The stakeholders made the call in a communique at the third biennial international conference on hydrocarbon science and technology in Abuja.

Reading from a communiqué from a two-day programme organised by the Petroleum Training Institute (PTI) in Abuja, the Director of Research and Development, PTI, Dr Tina Isichei, stressed that the government should also seek to liberalise the sector.

The conference further recommended that “Due to the strategic uniqueness of PTI in the oil and gas industry and the need to deepen local capacity, NNPC Ltd, regulators and major oil companies should partner with PTI in human capacity development in the oil and gas value chain and infrastructural upliftment to enhance its service delivery.

“Also, the government should encourage more investors to participate and invest in Compressed Natural Gas (CNG) and Liquefied Petroleum Gas (LPG) technology to utilize gas and distribute it to satisfy the domestic growing energy needs of various off-takers that are far off the pipelines.”

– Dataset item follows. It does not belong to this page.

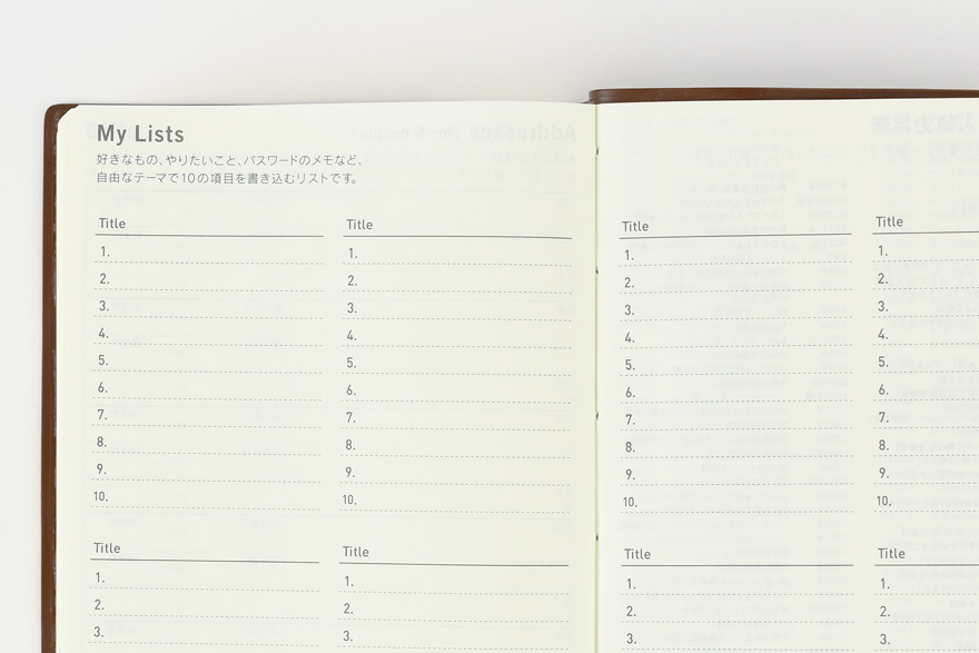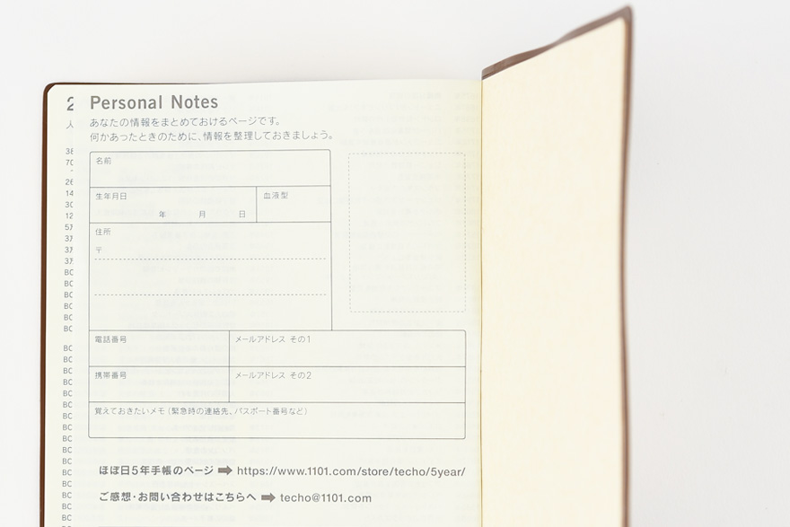 The start of the book contains a yearly calendar across the 5-year span. The back of the book contains useful pages such as “A Year Per Page” memo pages, “Gifts” for tracking gifts given and received, “Addresses” to list important contact information, “My Lists” for making a list of any theme of your choice, “Human History in 2 Pages” for informational reading material, and “Personal Notes” to record information about yourself. (These pages are in Japanese.)

It also called for further domestication of oil and gas technologies which is the most promising approach to revamping the industry, and urged the federal government to promote in-country domestication of natural gas development for economic transformation.

Emphasising the need to deploy artificial intelligence in the sector, it noted that “Data mining, Blockchain, AI and Internet of Things (IoT) are gaining interest by Exploration and Production (E&P) companies, agricultural sectors, refineries and petrochemical companies which is why more investment needs to be carried out on their effective utilizations in-country.”

The Dr Henry Adimula-led institution noted that the conference resolved that Nigeria should ensure the domiciling of the proposed African Energy Bank (AEB) in-country to easily facilitate oil and gas energy projects financing.

The participants noted that for Nigeria to be among 50 developed nations by the year 2050, it has to believe in itself and make vigorous efforts to support R&D for the purpose of domesticating many technologies.

“Nigeria must expand sources of funding R&D to PTI and other academic institutions through incentives like tax credit etc. Research should be coordinated so that outputs can be market-driven,” the participants stressed.